During one of his sociology classes in Ahamdu Bello University, Zaria, Prof Femi Odekunle, accosted a female student all clad in niqab-a kind of covering used by Muslim women that leaves unexposed all their body including the face. Typical of the Prof to speak out his uneasiness no matter whose ox is gored. He goes thus -’Hey, I don’t know whether to call you a man or a woman, but I sincerely think you should leave your face open so that I know who I’m teaching -as it is unfair to see my face and I can’t see yours. Please, I can’t have a masquerade as my student!
The classroom went cold with eerie silence, fear pervaded the class as the lady stormed out and went straight to mobilise her Muslim Students Society members. The class ended and students hung around awaiting in apprehension, the fate of the Prof in the hands of the dreaded MSS members.
Expectedly, they arrived in a bus load and headed to the Prof’s office chanting Allahu Arkbar! Odekunle was informed, he had visitors and with all the confidence in the world, the man went to them and joined them to invoke the greatness of Allah. He asked about six of them to follow him to his office since his office couldn’t take all the angered soldiers of God.
In his office, it was gathered that he offered them his lunch, even though they rejected, but he succeeded in weakening their resolve. That was when he asked them if they would allow a hooded stranger whom they have never seen his face or known before, enter their houses. In unison, they echoed in the negative – then he lectured them on the in appropriateness of hosting a covered face in a class. He argued that if the lady must wear her niqab- she should as a matter of responsiveness, give a clue to her identity as anyone could dress like her and even impersonate her during exams. Reasons prevailed over dogmatism as logic became their defining compromise.
By the time the MSS representatives were coming out-it was a psychologically subdued folks who were welcomed by the other members outside. Using the trick of wisdom and discipline, the professor averted what would have been a tragedy in Zaria, that day.

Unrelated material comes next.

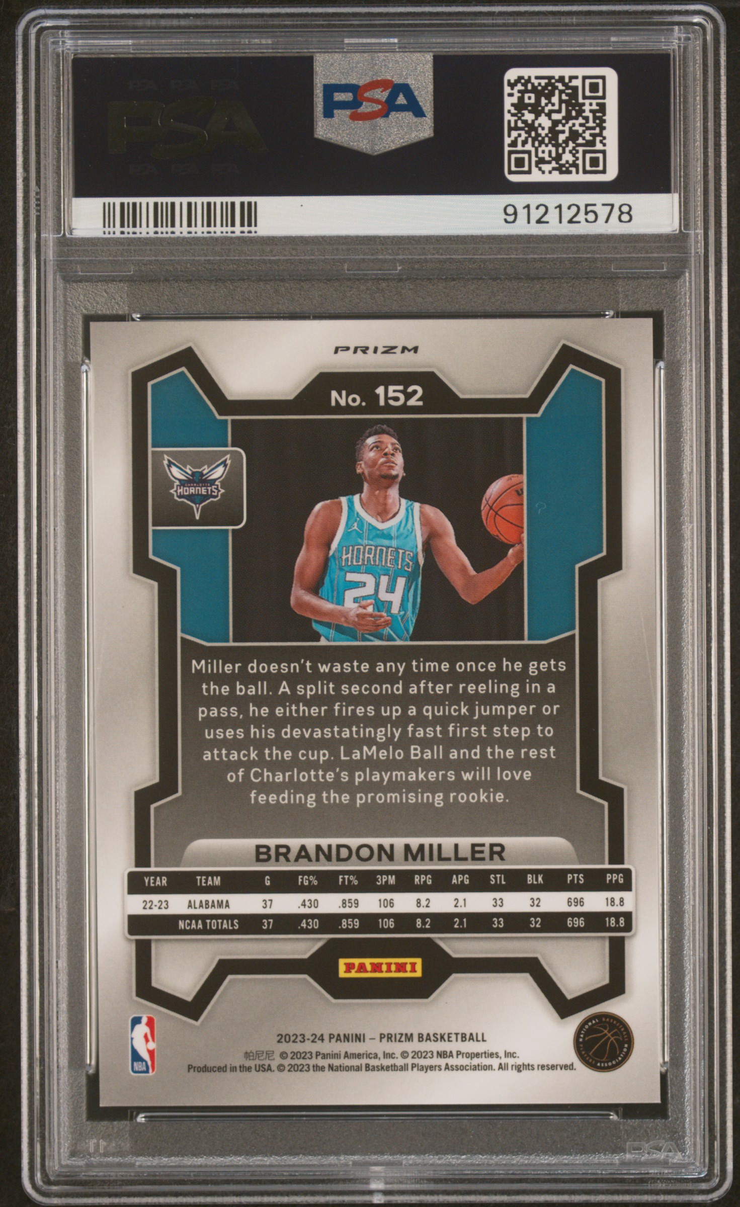 2023 Panini Prizm Brandon Miller Snakeskin #152 PSA 10
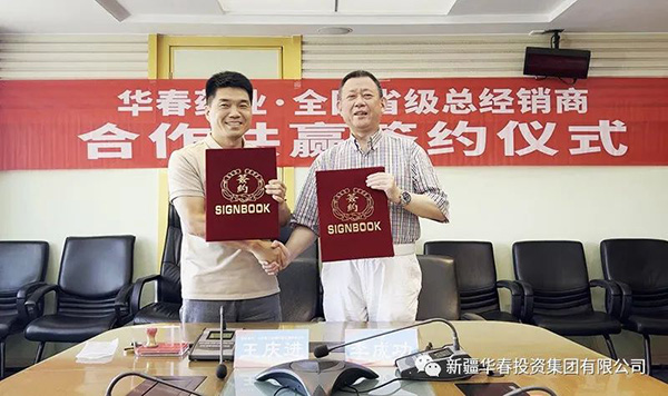 新疆華春生物藥業(yè)股份有限公司(簡稱華春生物藥業(yè))與第二批全國省級總經(jīng)銷商合作協(xié)議簽署儀式,于8月24日在新疆華春投資集團(tuán)舉行。新疆華春投資集團(tuán)董事局主席兼總裁、華春生物藥業(yè)董事長李成功先生,分別與江蘇龘龍醫(yī)藥科技有限公司研發(fā)負(fù)責(zé)人張永昌(江蘇省代)、北京麥爾信康科技發(fā)展有限公司總經(jīng)理王慶進(jìn)(北京省代)、河北思平生物醫(yī)藥科技有限公司總經(jīng)理高春雨(河北省代),簽訂了《“參葛補(bǔ)腎膠囊”推廣服務(wù)協(xié)議暨省級總經(jīng)銷協(xié)議》。華春生物藥業(yè)相關(guān)技術(shù)與管理人員參加簽署儀式。

This scenario brings me to the crux of my intervention on the Biafra issue. I still maintained that the agitators for Biafra have the constitutional right to seek for self-independence provided it is done within the limit of law and civility. I expect the governors of the Southeast to identify with the agitators, share their feelings and then reassure them on government’s effort to address whatever ill feelings they have. But trust our lethargic leaders – they saw that as inconsequential thus giving Nnamdi Kanu the platform to indoctrinate the Igbo youths towards the negative. A leader that cannot identify with his people has failed as a leader.
The Army also once demonstrated the Odekunle factor when they had that ugly confrontation with the Shiites movement in Zaria-even though that dialogue attempt failed, at least, they tried to identified with belligerent guys first.
This model would have been used in the early days of the deadly Boko Haram insurgency when, instead of bathing them with the water of bullets, they should have been engaged in dialogue where compromises can be reached. There is nothing that cannot be achieved on the table of dialogue regardless of the lethal provocation. Leaders in the north lost the opportunity to nip this monster in the bud and ever since, it has been rains of sorrow.
Lack of emotional intelligence and sincerity of purpose, led to the creation of the boko haram monster and since then we haven’t had a peaceful sleep. Had the authorities deployed dialogue, carrot and stick approach, give and take measurements, the boko haram debacle would not have degenerated to this frightening reality.
There is nothing compromise wouldn’t fetch a society in desire of development. We should have employed the Odekunle model in handling the haram impasse.
The Odekunle factor can therefore be likened to the biblical injunction that prescribed giving the second side when slapped from the other side. In life, sometimes, common sense can give you consistent triumph instead of strength.